После передыха и еды принялись за вторую землянку...
Авим работал наравне со всеми, радуясь, что семейские посчитали его за взрослого мужика, хотя ему накатывал только пятнадцатый; он кидал лопату за лопатой, обливаясь потом, радуясь и веселея душой с каждым взмахом...
Смутное и тревожное чувство испытываю я, закончив часть как бы завещанного далекими предками труда: есть и неуверенность в себе, и понимание, что выбранная мною цель еще далека, хотя и немалый отрезок дороги остался позади; я вместе с родичами добрался, наконец, до отведенного нам судьбой места, где они положат основание селу и назовут его Хонхолоем. Душа моя по-прежнему печальна и напряжена, и нет во мне глубокого удовлетворения, которое служит источником радости. Но самое главное, конца пути я еще не вижу, а сил уже осталось немного — на семьдесят первом году жизни я более, чем прежде, ощущаю груз лет, а брести нужно еще в даль бесконечную...
Я хорошо помню солнечное утро, когда проснулся в горенке тети Паши, увидел прикнопленную к стене репродукцию картины Сурикова «Боярыня Морозова» и, влекомый призывным жестом неистовой старообрядки, побежал за ее розвальнями и скоро очутился в далеком прошлом, на распутье, пытаясь раскопать корни нашего старообрядческого рода, постичь его тайну.
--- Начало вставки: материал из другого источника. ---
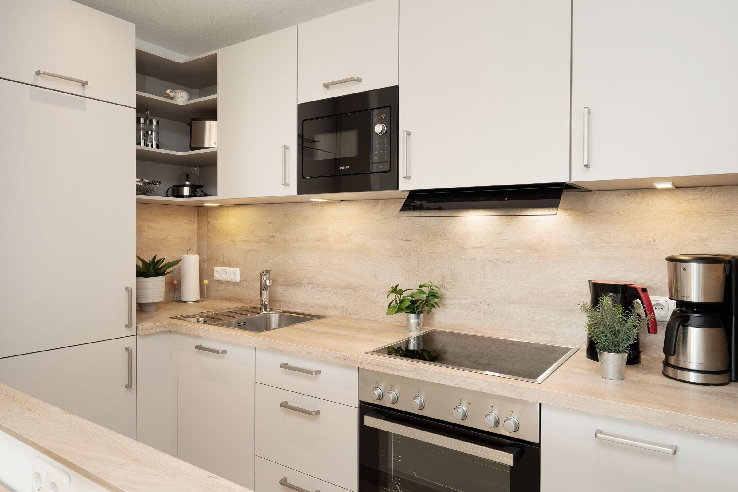 Sie möchten der Ostsee ganz nah sein? Dann sind Sie in dieser charmanten Ferienwohnung genau richtig. Nur 100 Meter vom schönen Ostseestrand entfernt befindet sich das Objekt in der Ferienwohnanlage Belvedere. Der helle Wohnbereich lädt zum gemütlichen Verweilen ein. Ein Highlight ist sicher der überdachte, möblierte Balkon mit seitlichem saisonalen Meerblick. Wie wäre es hier mit einem Willkommens-Drink? Die zum Wohnbereich hin offene Küche mit Spülmaschine bietet sämtliche Annehmlichkeiten, die Ihnen die Selbstversorgung im Urlaub erleichtern. Für die Nacht steht im Wohnbereich ein bequemes Schlafsofa (ca. 170x200 cm). Zudem finden Sie im separaten Schlafzimmer ein kuscheliges Doppelbett (2x 90x200 cm). Einen guten Start in den nächsten Tag verspricht das innenliegende Duschbad.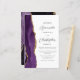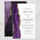 A borda esquerda deste elegante convite de casamento moderno apresenta uma cor d'água roxa, borda agitada, aparada com falso brilho dourado. O texto personalizável combina o script de cinza de carvão e as fontes sans serif em um fundo branco. Um design de agate roxo correspondente é exibido na parte traseira da placa.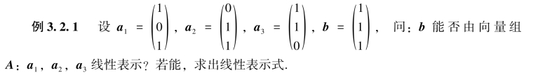 解 判断b能否由向量组A:a1,a2,a3线性表示,即判断非齐次线性方程组b=k1a1+k2a2+k3a3是否有解,由定理3.2.1知,即需验证A=(a1,a2,a3)与B=(A,b)的秩是否相等.易知
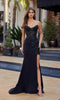 Sleeveless prom dress by Nox Anabel featuring a sheer crystal-embellished fitted corset bodice with a sweetheart neckline and thin shoulder straps that crisscross into the strappy adjustable lace-up open back. A shimmering satin floor-length a-line skirt with a draped floor-length side sash from the hips and a high-leg slit completes the look for this glamourous dress.

В Новом Загане каждое утро я усаживаю своих теток за стол, прошу жену вести записи их рассказов, изредка включаю магнитофон и с дотошливой настойчивостью выспрашиваю теток, чтобы не потерять ни одной драгоценной крупицы, что хранит их память, чтобы не осталось позабытой ни одна ветвь нашего рода... Все мне кажется интересным, даже немудрящие присказки и поговорки, и были, перешедшие в легенды, и даже то, что об одном и том же тети вспоминают по-разному, высветляя прошлое светом личного разумения...
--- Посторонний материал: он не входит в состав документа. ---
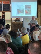 Da die letzten zwei Veranstaltungen ausfallen mussten, gab es diesmal kein spezielles Thema. Quer durch alle Sparten referierte Gerhard, so das für jeden Züchter etwas dabei war. Den Start machten die Wildtauben. Von der Krontaube über die Kleintäubchen bis zu einigen Fruchttauben wurden viele Arten besprochen. So auch bei den Fasanen, die auf die Wildtauben folgten. Von den Edel-, Langschwanz-, Pfau-, bis zu den Feuerrückenfasanen war alles vertreten. Danach folgte eine kurze Pause in der viele Züchter über die mitgebrachten Tiere diskutierten. Den Schluss bildete das Wasserziergeflügel. Von den Gänsen über die Säger und Enten, bis zu den Meeresenten wurde alles besprochen und teilweise auch kontrovers diskutiert. Leider konnten nicht alle Züchterfreunde einen Platz im Aufenthaltsraum der Wörnitzgrundhalle finden, aber auch wir vom RGZV Schopfloch wurden von den vielen Besuchern die der Veranstaltung beiwohnen wollten überrascht. Deshalb werden wir versuchen, die Veranstaltung künftig in der Halle zu machen, damit jeder interessierte Züchter auch einen Sitzplatz findet. |

В тот год стояла на редкость прозрачная осень, с холодными заморозками по утрам; порыжелую траву ометывал иней, но, едва показывалось солнце, тут же таял; плавали в воздухе шелковистые паутины бабьего лета; на одинокой яблоне-райке в садике трепыхались редкие золотисто-малиновые листья, краснели тугие, похожие на крупную вишню, плоды, очень кислые на вкус. Вокруг яблони торчали пять ульев, но пчелы не вылетали уже за взятком. Изредка выползая на лоток и погревшись на солнышке, они карабкались назад в улей.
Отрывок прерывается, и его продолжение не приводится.